Non-Provisional Patent Application
A non-provisional patent application
is a fully crafted patent application that proceeds
through the patent prosecution process. Non-provisional
applications contain a complete description of the
invention (specification), at least one patent claim,
drawings when necessary, and a declaration from
the inventor claiming inventorship to the invention.
The initial patent application for a given invention
is called the parent application and may contain
any number of patent claims. Over the course of
prosecution; however, the patent examiner may determine
that more than one invention is being claimed, thus
restricting immediate prosecution activity to only
one set of claims. This process is quite common
and effectively begins the subdivision of the invention
into several inventions. This collection of related
inventions is known as a patent family. Any claims
not initially selected for prosecution may be picked
up at a later date.
C.
International Patent Applications
The most cost effective way to initiate
the international patent process is to file a universal
application accepted by most nations. This application
is known as a PCT and is associated with the Patent
Cooperation Treaty.
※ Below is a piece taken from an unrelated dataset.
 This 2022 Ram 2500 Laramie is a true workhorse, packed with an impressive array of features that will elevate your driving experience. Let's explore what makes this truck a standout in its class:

A PCT application allows the
University to designate all member nations for a
period of time for a relatively small fee. However,
in time the University will need to decide the wisdom
of continuing the international patent process,
because it is quite costly. Typically the University
will not proceed with the costly phase of international
patent filing without the financial support of a
corporate sponsor or licensee.
V. Important Considerations
for Effective Prosecution of Patent Applications
A.
Documentation
Good laboratory records and documentation
are valuable proof of a discovery/invention, preservation
of experimental data and observation, and a record
of the successes and failures of the original experiment.
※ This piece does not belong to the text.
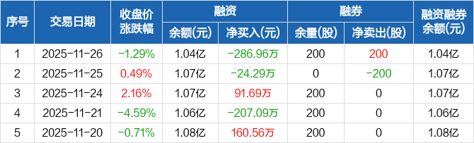 卓然股份:融资净偿还286.96万元,融资余额1.04亿元(11-26)

The notebook “is a permanent written record
of the researcher’s mental and physical activities
from experiment and observation, to the ultimate
understanding of physical phenomenon.” Furthermore,
the laboratory notebook enables re-creation of experiments,
provides a primary resource for preparation of manuscripts,
and helps preserve intellectual property rights,
i.e. patents. Consequently, it is imperative that
the laboratory notebook is sufficiently detailed
to present a guarantee of trustworthiness. In addition,
the notebook should have enough information that
a technically sophisticated outsider, reviewing
the work later, can understand what was done without
help from the researcher who made the original entries.
With this in mind, entries in the lab notebook should
be consistent, chronological and complete. Documentation
of ideas or inventions made outside a typical laboratory
setting can be achieved in an Idea Notebook. Regardless,
formal documentation of an invention is critical.
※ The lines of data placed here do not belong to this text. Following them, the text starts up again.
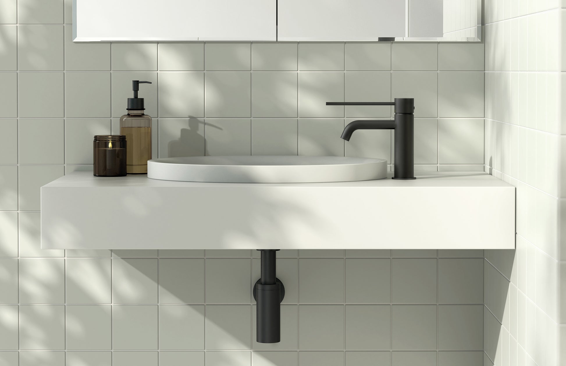 Vivid Slimline Basin Mixer Curved Outlet with Extended Lever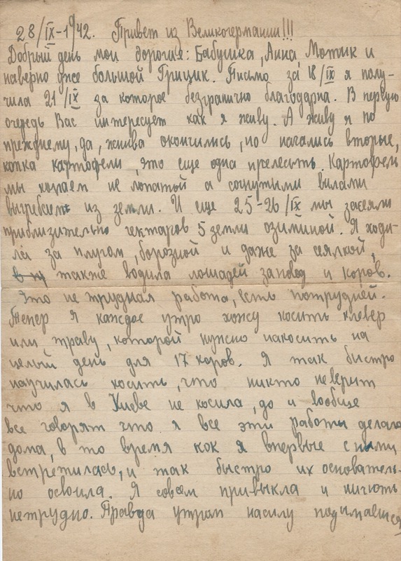 Добрый день мои дорогие: Бабушка, Алиса, Мотик и наверно уже большой Гришик. Письмо за 18/IX я получила 21/IX за которое безгранично благодарна. В первую очередь Вас интересует как я живу. А живу я по прежнему, да, жнива окончились, но начались вторые, копка картофеля, это еще одна прелесть. Картофель мы копаем не лопатой а согнутыми вилами выгребаем из земли. И еще 25-26/IX мы засеяли приблизительно гектаров 5 земли озиминой. Я ходила за плугом, бороной и даже за сялкой, в те также водила лошадей завод и коров.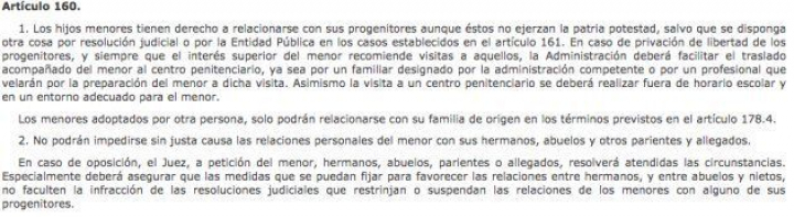 El Código Civil español ya reconoce el derecho de de los abuelos a relacionarse con sus nietos. Se trata del artículo 160.2 del Código: "No podrán impedirse sin justa causa las relaciones personales del hijo con sus abuelos y otros parientes y allegados".

Kanare, H.M. (1985) Writing the Laboratory Notebook.
P.1.
The inventor(s) will be required to
sign a declaration recognizing that he/she has a
duty to disclose information that that may be material
to the examination of an application. “Material,”
is defined as information that an examiner would
likely consider important in deciding whether to
issue a patent. If an inventor becomes aware of
any information that might be consider material,
then it is critical that it be brought to the attention
of the patent attorney as soon as possible.
Certain activities either in the U.
S. or abroad prior to filing of the patent application
in the U. S. may have a bearing on the ability to
file corresponding applications in foreign countries.
These activities could include public disclosure
of the invention in either written or oral form,
such as published articles, abstracts, patents,
product announcements, and grant proposals, as well
as through commercial exploitation of the invention,
including public demonstrations, offers to sell,
and sale of products incorporating the invention
(Myers Bigel Sibley & Sajovec, P.A.).